» Problem:
All of the data should be reproduced word for word, though its pictures must be omitted.
══ Data excerpt
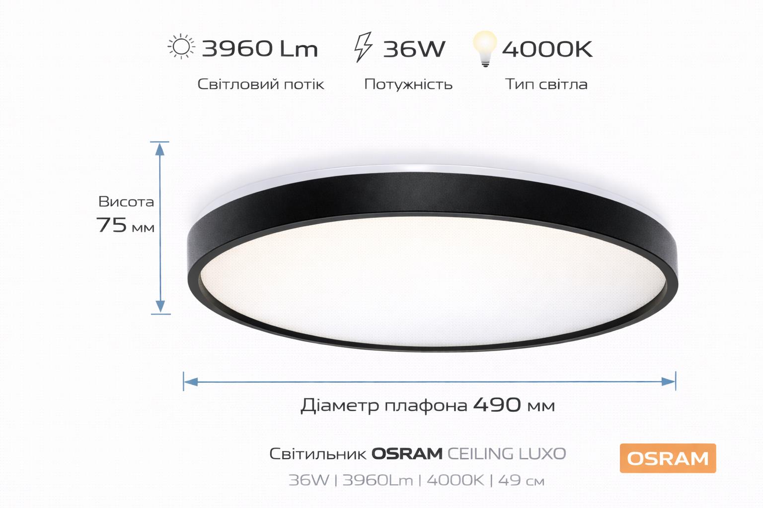 Світильник накладний OSRAM CEILING LUXO 36Вт 4000К чорний
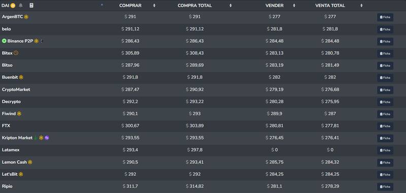 El precio de la stablecoin DAI se está manejando hoy en el país entre $ 291 y $ 311 para la compra y $ 281 y $ 277 para la venta.
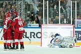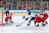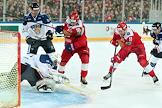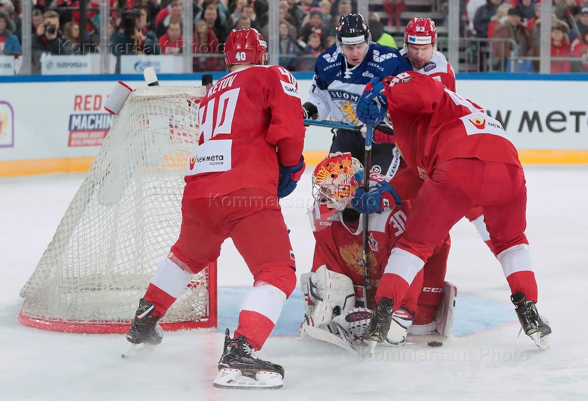 Кубок Первого канала по хоккею 2018. Матч между сборными командами России и Финляндии прошел на стадионе "Зенит Арена". Слева направо: игроки сборной Финляндии Юрки Йокипакка, Йони Ортио (вратарь), игроки сборной России Сергей Плотников и Сергей Андронов во время матча.
════
» Your response:
 Світильник накладний OSRAM CEILING LUXO 36Вт 4000К чорний
 El precio de la stablecoin DAI se está manejando hoy en el país entre $ 291 y $ 311 para la compra y $ 281 y $ 277 para la venta.
 Кубок Первого канала по хоккею 2018. Матч между сборными командами России и Финляндии прошел на стадионе "Зенит Арена". Слева направо: игроки сборной Финляндии Юрки Йокипакка, Йони Ортио (вратарь), игроки сборной России Сергей Плотников и Сергей Андронов во время матча.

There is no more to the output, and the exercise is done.